### Dataset excerpts
>>

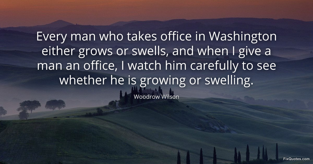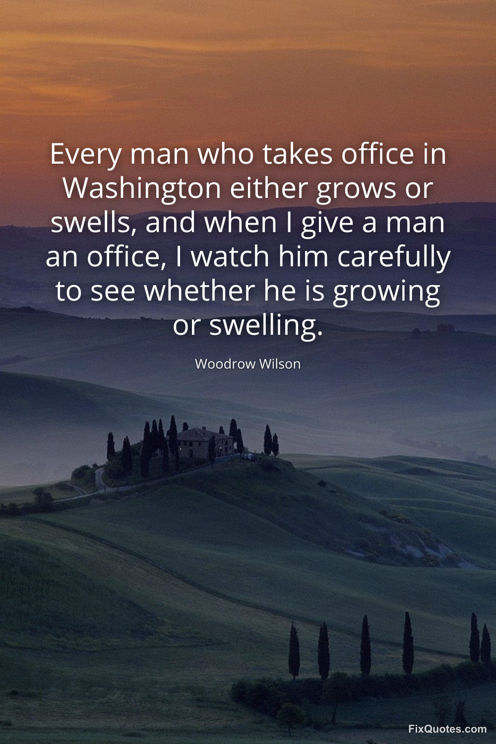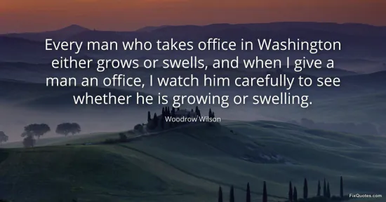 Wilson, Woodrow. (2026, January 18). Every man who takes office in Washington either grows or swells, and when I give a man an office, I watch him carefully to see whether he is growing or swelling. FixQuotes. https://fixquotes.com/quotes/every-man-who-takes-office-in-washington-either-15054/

<<
>>

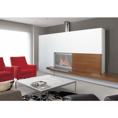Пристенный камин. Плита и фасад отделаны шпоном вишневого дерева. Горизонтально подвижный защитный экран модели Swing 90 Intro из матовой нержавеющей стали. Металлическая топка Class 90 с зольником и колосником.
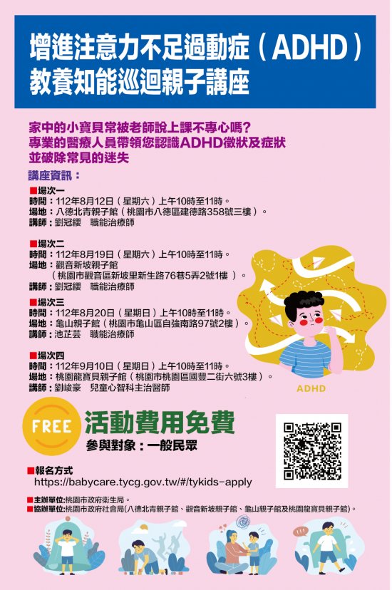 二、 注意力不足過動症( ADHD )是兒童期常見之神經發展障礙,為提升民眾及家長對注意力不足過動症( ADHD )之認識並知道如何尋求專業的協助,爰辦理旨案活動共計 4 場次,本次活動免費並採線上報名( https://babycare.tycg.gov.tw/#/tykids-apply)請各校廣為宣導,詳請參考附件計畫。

<<

Could you transcribe exactly the entries above, but only the lines from the one with "Пристенный камин. Плита" through the one with "二、 注意力不足過動症( ADHD", and without pictures?

Пристенный камин. Плита и фасад отделаны шпоном вишневого дерева. Горизонтально подвижный защитный экран модели Swing 90 Intro из матовой нержавеющей стали. Металлическая топка Class 90 с зольником и колосником.
 二、 注意力不足過動症( ADHD )是兒童期常見之神經發展障礙,為提升民眾及家長對注意力不足過動症( ADHD )之認識並知道如何尋求專業的協助,爰辦理旨案活動共計 4 場次,本次活動免費並採線上報名( https://babycare.tycg.gov.tw/#/tykids-apply)請各校廣為宣導,詳請參考附件計畫。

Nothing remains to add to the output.